Background:  This paper describes the background, aim and study design for the Swedish SELMA study that aimed to investigate the importance of early life exposure during pregnancy and infancy to environmental factors with a major focus on endocrine disrupting chemicals for multiple chronic diseases/disorders in offspring.

Methods:  The cohort was established by recruiting women in the 10th week of pregnancy. Blood and urine from the pregnant women and the child and air and dust from home environment from pregnancy and infancy period have been collected.
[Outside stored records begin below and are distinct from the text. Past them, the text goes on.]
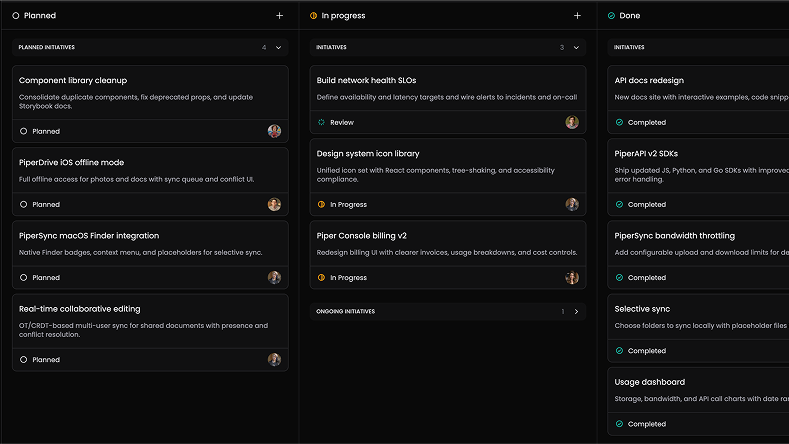 See open, planned, blocked, and in-review work in one place instead of stitching updates from separate boards.
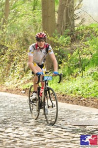 Nu, met de Paterberg was het zwaarste van de hellingen nog niet voorbij. De befaamde Koppenberg kwam al snel in zicht. Zelf had ik deze dit jaar al 2 keer opgereden. De eerste keer in de regen, de laatste keer in iets betere omstandigheden. Toen was het droog. Ook deze keer waren de weersomstandigheden geen spelbreker, zelfs niet de massa die de Ronde met zich meebrengt. Op een tikkeltje reserve (al moest het niet meer zijn of ‘k stond stil), reed ik naar boven. Na korte tijd kwam ook Eddy boven, al had hij ’t steilere stuk te voet moeten doen.
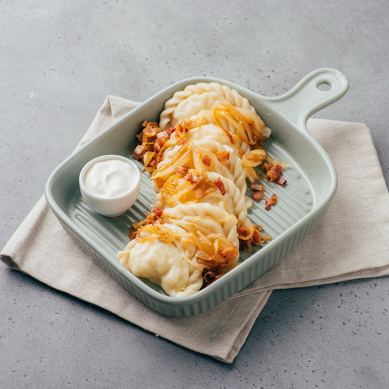 Вареники с картофелем, лук репчатый, бекон сырокопчёный, сметана.
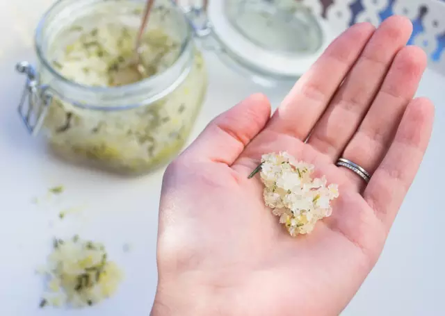 挤出的柠檬汁倒入食用盐里,搅拌好,形成半糊状。
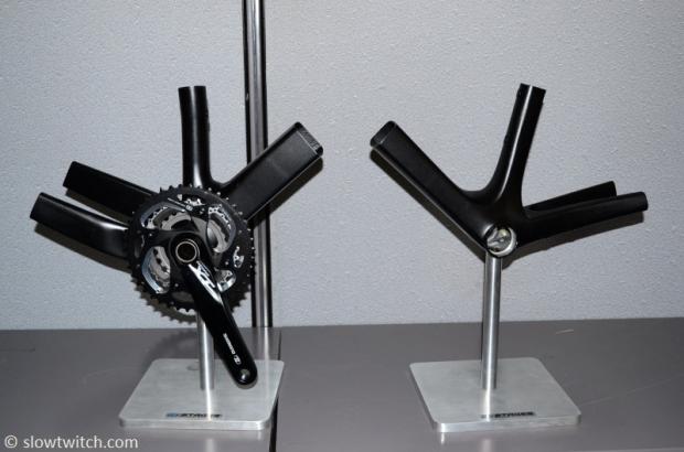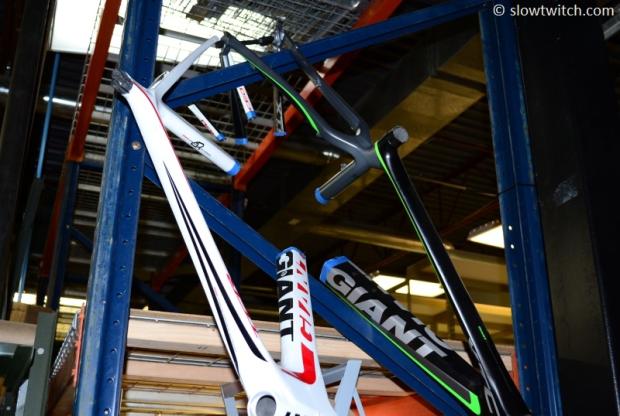 Two Giant frames were sacrificed to become the first Stages display at Interbike 2012.
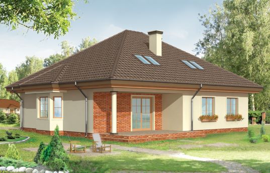 Natalie house is comfortable, spacious family house for a family of two or three generations. Natalie house has an envelope roof, arcades, bay window and clinker cladding form a successful combination. The interior of the house is designed so that the first stage could be disposed only the ground floor. Rooms on the ground floor can be a bedroom and parents office, grandparents bedroom or guest rooms. Loft can be finished in the second stage. There is also a mirror version of the Natalie house plan.
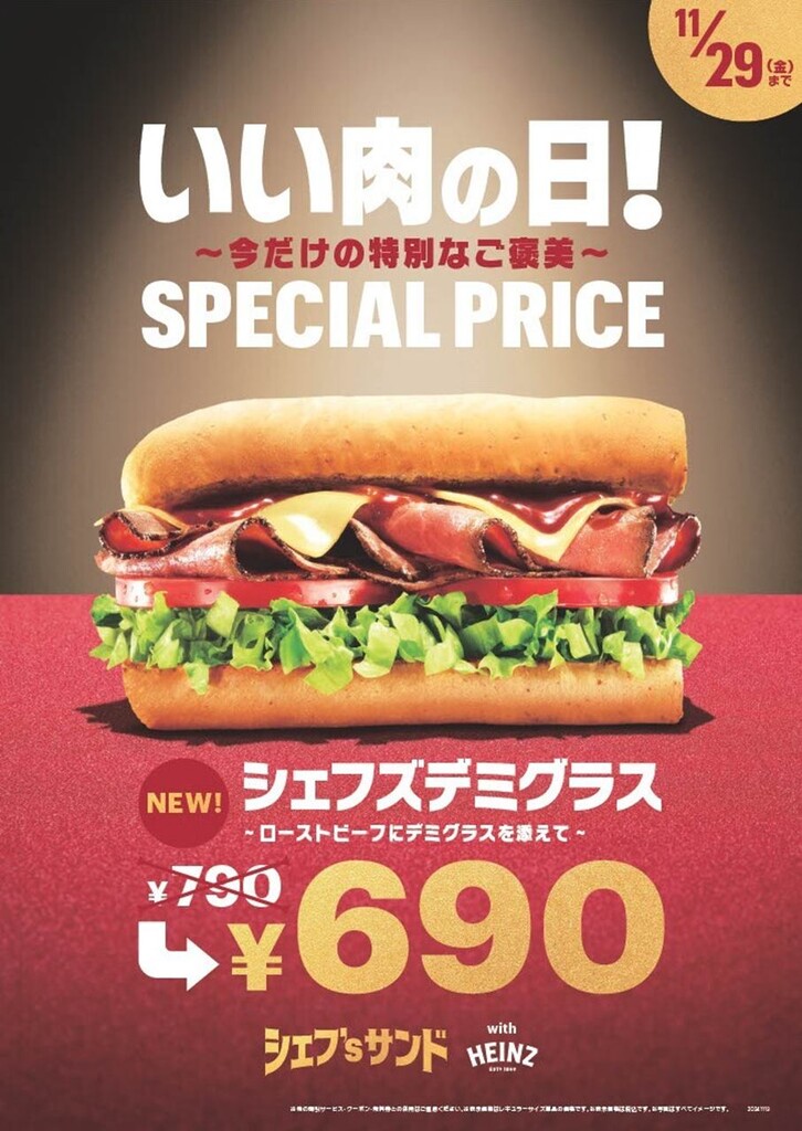 さらに、11月29日のいい肉の日に因み、2024年11月13日(水)~11月29日(金)の期間中、『シェフズデミグラス ~ローストビーフにデミグラスを添えて~』が通常790円のところ、100円引きの690円で楽しめるキャンペーンも実施する。

Questionnaires were used to collect information on life styles, socio-economic status, living conditions, diet and medical history.

Results:  Of the 8394 reported pregnant women, 6658 were invited to participate in the study. Among the invited women, 2582 (39%) agreed to participate. Of the 4076 (61%) non-participants, 2091 women were invited to a non-respondent questionnaire in order to examine possible selection bias. We found a self-selection bias in the established cohort when compared with the non-participant group, e.g. participating families did smoke less (14% vs. 19%), had more frequent asthma and allergy symptoms in the family (58% vs. 38%), as well as higher education among the mothers (51% vs. 36%) and more often lived in single-family houses (67% vs. 60%).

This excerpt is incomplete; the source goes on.